Hmmm.. I'm in West Virginia also..

Grey's Anatomy
Numbers
Invasion
Extreme Makeover:
Home Edition

I'm never home when they're on.. I so enjoy my DVR


----------



## The Kai (Nov 4, 2005)

Lost
My name is Earl
Arrersted Devolpment
SURVIVOR

on the bubble
Invasion


----------



## BlueDragon1981 (Nov 4, 2005)

Yeah i would watch a few more shows if I had a dvr.

TV is overated though.


----------



## arnisador (Nov 4, 2005)

My wife and kids really like Numb3rs...I often watch it with them. My Name Is Earl just didn't hold my attention, though I had high hopes for it.
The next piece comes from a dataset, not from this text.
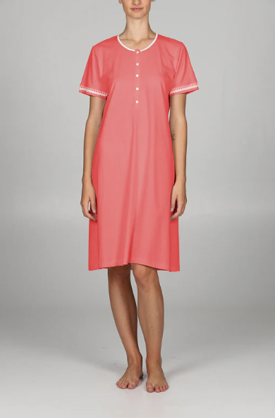 Camicia da notte donna in fresco jersey 30/1 di puro cotone pettinato.

Gotta get the DVR. I love my TiVo!


----------



## Martial Tucker (Nov 4, 2005)

KenpoTess said:
			
		

> Hmmm.. I'm in West Virginia also..
> 
> Grey's Anatomy
> Numbers
> ...



I'm in general agreement with Tess on these, but I would add Boston Legal.
Despite the fact that I have a general disdain for lawyers,  I watch this show, as it is so well-written with interesting plots, a lot of humor, and great acting led by William Shatner and Candace Bergen.


----------



## Jade Tigress (Nov 4, 2005)

I like Desperate Housewives and Lost. I agree with Arni about My Name is Earl. It sounded promising but I lost interest after the 3rd episode. 

Does anyone watch The Office? It's hilarious if you work in or have ever worked in an office. Tuesdays episode had a great karate spoof.


----------



## oldnewbie (Nov 4, 2005)

Mine are
Lost
Extreme Makeover Home Edition

I do watch Invasion but am losing interest..seen enough Hurricane stuff thanks.


----------